Uniform distribution on the [0,2]

Question

Random variable $X$ has uniform distribution on the $[0,2]$.How to find distribution radnom variable $Y=min \left\{X,X^2 \right\}$?

Answer 1

$$\min(X,X^2)=\begin{cases}X^2&\text{ if }&X\leq1\\X&\text{ if }&X>1.\end{cases}$$

Then

$$P(\min(X,X^2)<x)=P(X^2<x\cap X<1)+P(X<x\cap X\geq 1).$$

And

$$P(X^2<x\cap X<1)=\begin{cases}0&\text{ if }& x\leq0\\P(X<\sqrt x)&\text{ if }&0<x\leq 1\\P(X<1)&\text{ otherwise}\end{cases}=$$$$=\begin{cases}0&\text{ if }& x\leq0\\\frac12\sqrt x&\text{ if }&0<x\leq 1\\\frac12&\text{ otherwise,}\end{cases}$$ $$P(X<x\cap X\geq1)=\begin{cases}P(1\leq X<x)&\text{ if }& 1\leq x\leq2\\\frac12&\text{ if }& x>2\\0&\text{ otherwise}\end{cases}=$$$$=\begin{cases}\frac12(x-1)&\text{ if }&1\leq x\leq2\\\frac12&\text{ if }& x>2\\0&\text{ otherwise.}\end{cases}$$

The sum of the two piecewise given function is depicted below:

Answer 2

The key is that either $X^2{<}X{<}1$, $1{=}X{=}X^2$, or $1{<}X{<}X^2$.
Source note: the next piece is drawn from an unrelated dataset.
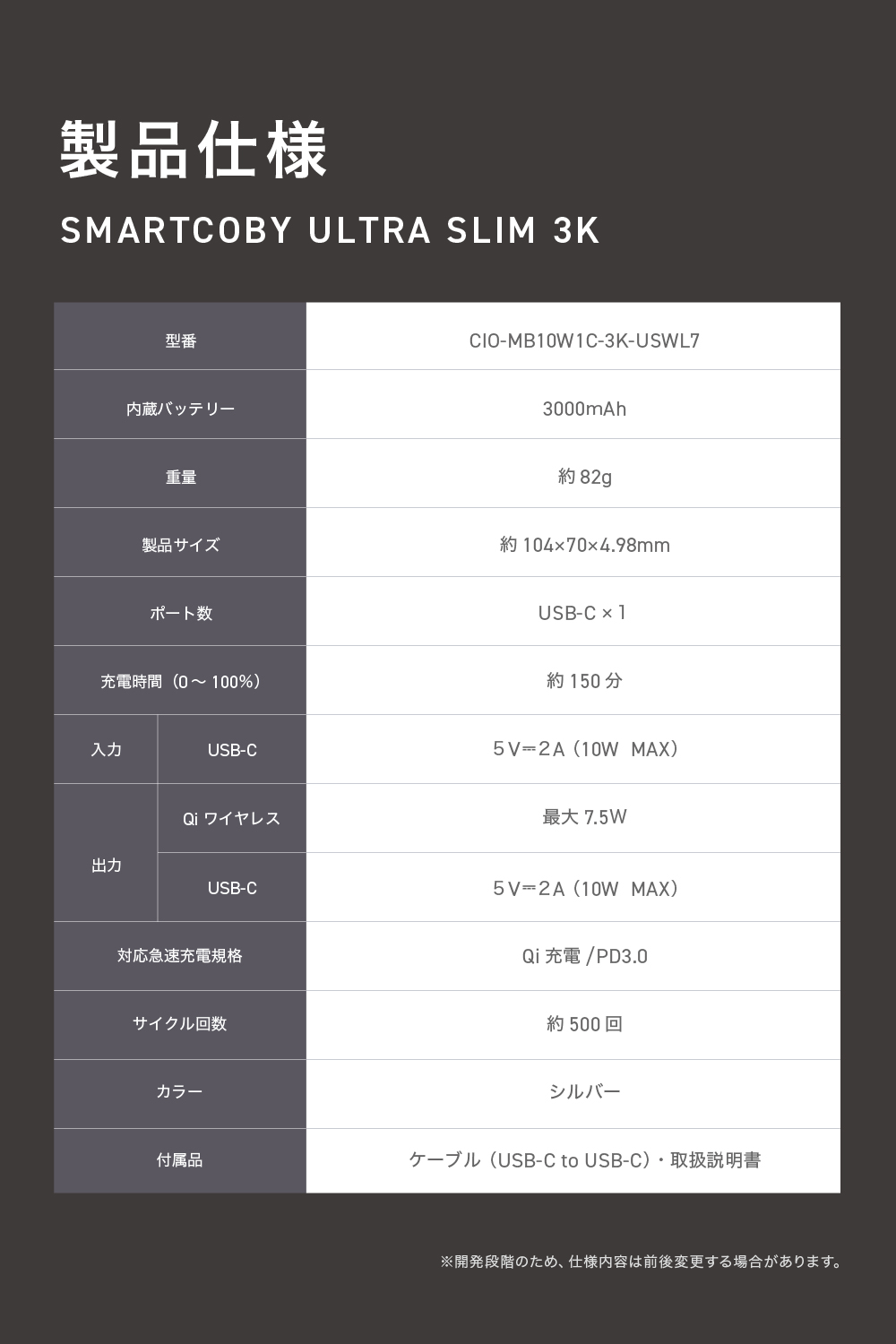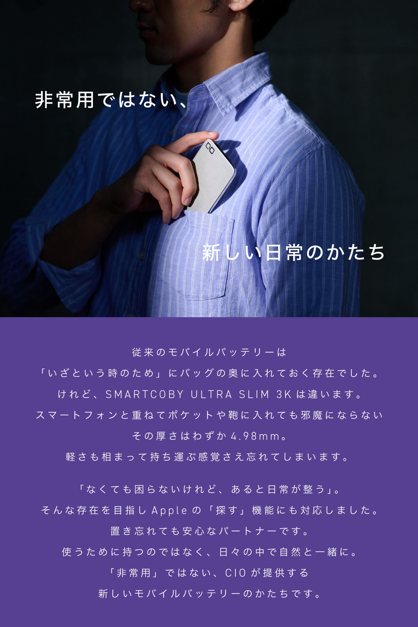 容量は3000mAh。大容量で重くなる方向ではなく、「ちょっと足りない(不安な)時がある」を軽く解決するためのちょうどいい容量です。

So when $x{<}1$ we wish to know the probability that $X^2{\leqslant}x$, and when $1{\leqslant}x$ we wish to know the probability that $X{<}x$.

$$\mathsf P(\min\{X,X^2\}{\leqslant} x) ~{=~\mathsf P(X^2{\leqslant} x)\mathbf 1_{x < 1}+\mathsf P(X{\leqslant}x)\mathbf 1_{1\leqslant x}\\ = \underline{\phantom{\tfrac 12 \surd x}}\,\mathbf 1_{0\leqslant x < 1}+\underline{\phantom{\tfrac 12\,x\quad}}\,\mathbf 1_{1\leqslant x< 2}+\mathbf 1_{2\leqslant x}\\=\begin{cases}0 &:& x< 0\\ \underline{\phantom{\tfrac 12\surd x}}&:&0\leqslant x< 1\\ \underline{\phantom{\tfrac 12 x\quad}} &:& 1\leqslant x<2\\ 1 &:& 2\leqslant x \end{cases}}$$

Just fill in the blanks as appropriate, is all.